We can also talk about commutativity for algebras, using a swapping map \(\sigma_{AA}\) that sends \(u \otimes v\) to \(v\otimes u\). Commutativity looks like
$$m_{ab}^c = m_{ba}^c$$ $$m = m \circ \sigma_{AA}$$ Flipping this around we get the rule for cocommutativity
$$\Delta_i^{jk} = \Delta_i^{kj}$$ $$\Delta = \sigma_{CC} \circ \Delta$$
Finally we can talk about the counit. The unit map \(\eta\) goes from \(\mb k\) to \(A\), so the counit map \(\epsilon\) goes from \(C\) to the dual of \(\mb k\), which is just \(\mb k\) again.
The law for units in tensor indices is
$$m_{ij}^k \eta^j = m_{ji}^k \eta^j = I_i^k$$ So the counit looks like
$$\Delta_i^{jk}\epsilon_j = \Delta_i^{kj} \epsilon_j = I_i^k$$ In terms of maps, for the unit we write
$$m \circ (\eta \otimes id) = lm$$ $$m \circ (id \otimes \eta) = rm$$ where \(lm\) is the scalar multiplication map \(c \otimes v \mapsto cv\), and \(rm\) is scalar multiplication with the scalar on the right.
So we also need to dualize \(lm\) and \(rm\). We define \(ld\) to be the map that sends \(v\) in \(C\) to \(1 \otimes v\) in \(\mathbb{k}\otimes C\), and similarly \(rd\) to be the map that sends \(v\) to \(v\otimes 1\). Then our counit map acts as
$$(\epsilon \otimes id) \circ \Delta = ld$$ $$(id \otimes \epsilon) \circ \Delta = rd$$
So now we can talk about coassociative, cocommutative, counital coalgebras.

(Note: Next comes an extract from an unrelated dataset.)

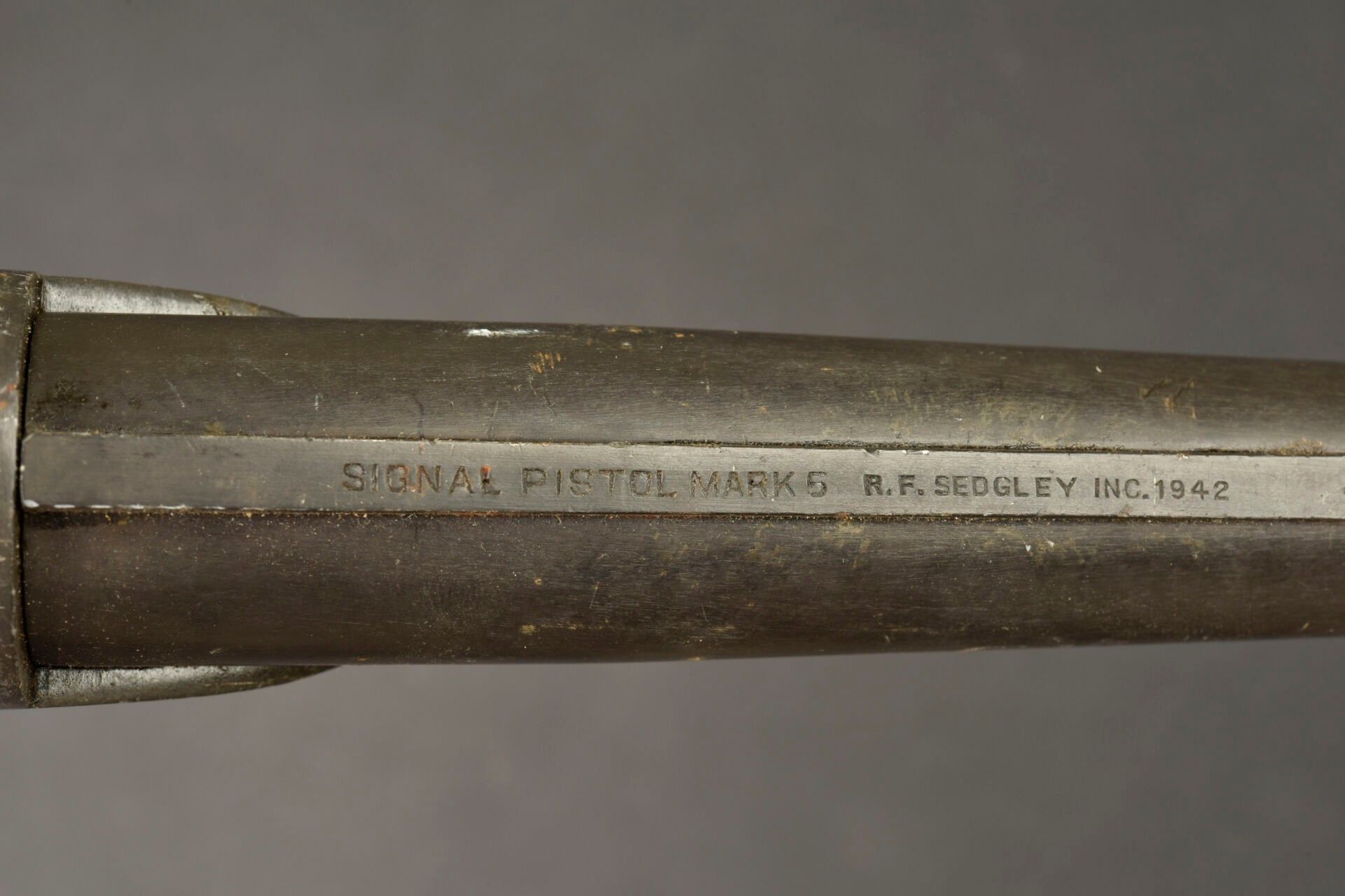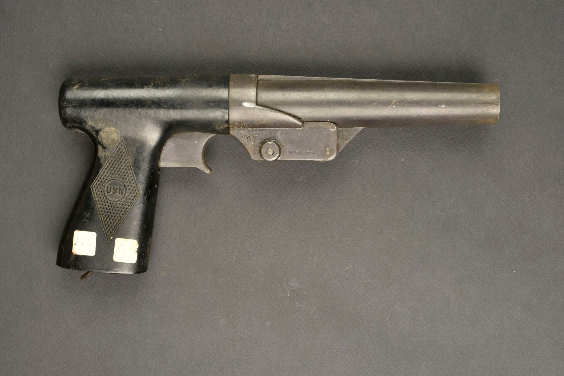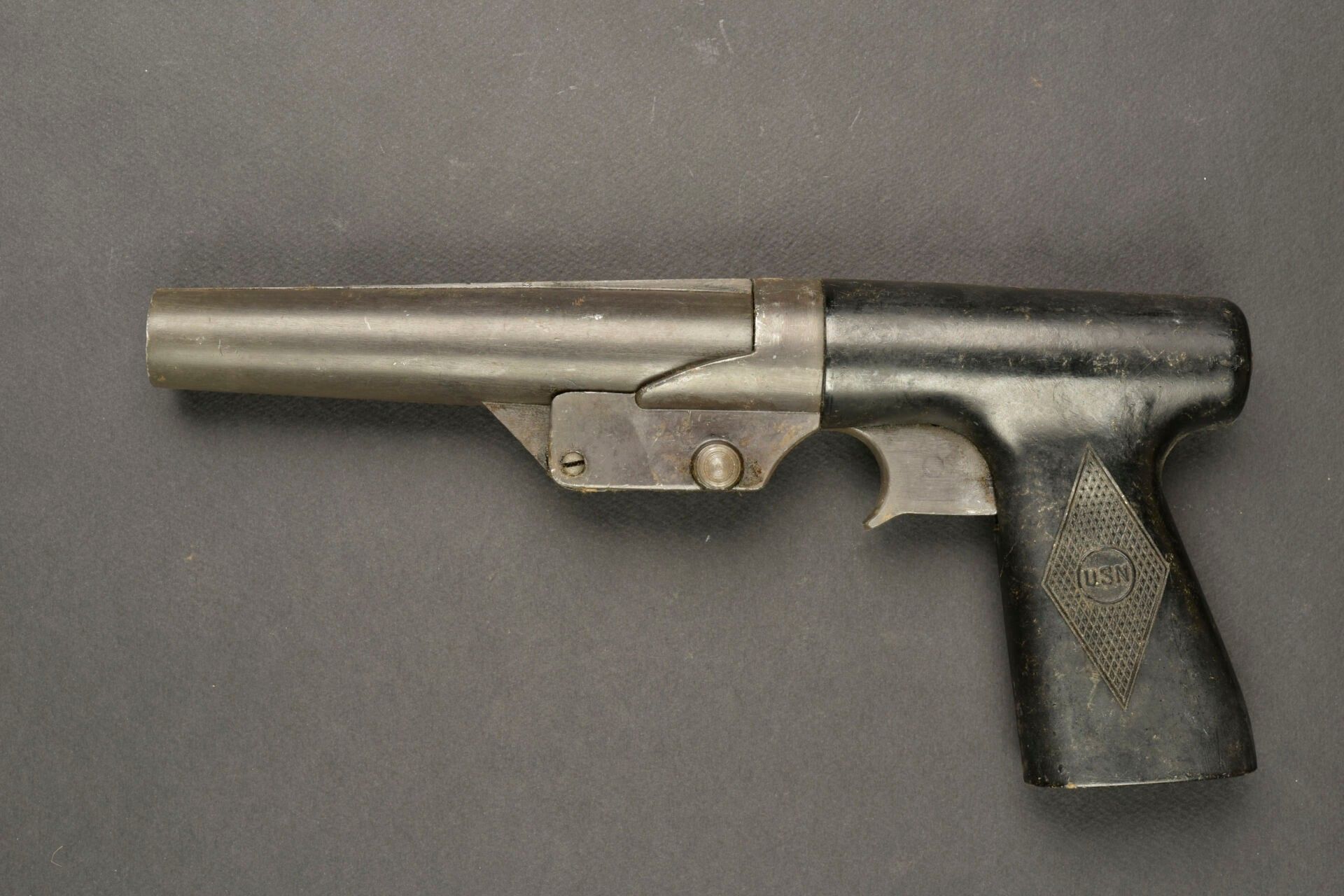 US Navy Sedgley Mark 5 rocket pistol. One-piece plastic grip with checkered lozenges marked USN. Bronze plated steel barrel. Marked on top SIGNAL PISTOL MARK 5 R.F. SEDGLEY INC. 1942. Functional mechanism. Wear, patina II. Weapon of category D under condition of an identity paper reserved to the major.

A field \(\mb k\) is a coalgebra as a 1-dimensional vector space over itself, with the comultiplication:
$$\Delta(c) = c \otimes 1 = 1 \otimes c$$ and the counit being the identity. Compare with the structure of \(\mb k\) as an algebra.

The coalgebra \(\mb C^\vee\) as a 2-dimensional vector space over \(\mb R\) has as a basis \(x\) and \(y\), where \(x\) returns the real part of a complex number and \(y\) the imaginary part. Note that \(x\) and \(y\) are linear functions.
The comultiplication in \(\mb C^\vee\) comes from the multiplication in \(\mb C\), i.e. the following rule: \((a + bi)(c + di) = (ac - bd) + (ad + bc)i\). So our coalgebra looks like:
$$\Delta(x) = x \otimes x - y \otimes y, \Delta(y) = x \otimes y + y \otimes x$$ This is the general idea for comultiplication in the dual of a finite-dimensional algebra: if we have \(A\) and \(A^\vee\), then for \(a\) and \(b\) in \(A\) and \(f\) in \(A^\vee\), we have
$$f(m(a\otimes b)) = \Delta(f)(a \otimes b)$$ Since \(\mb C\) has a unit, sending the real number \(a\) to the complex number \(a + 0i\), \(\mathbb{C}\) has a counit, which is just evaluating a function at the number \(1 + 0i\). So \(\epsilon(x) = 1, \epsilon(y) = 0\). This is the general idea for counits in the dual of a finite-dimensional algebra: evaluate at the multiplicative identity.
Note that \(\Delta\) in this case is coassociative, cocommutative, and counital; this is the general case for duals; if the algebra is ___, then the dual coalgebra is co___, and vice-versa.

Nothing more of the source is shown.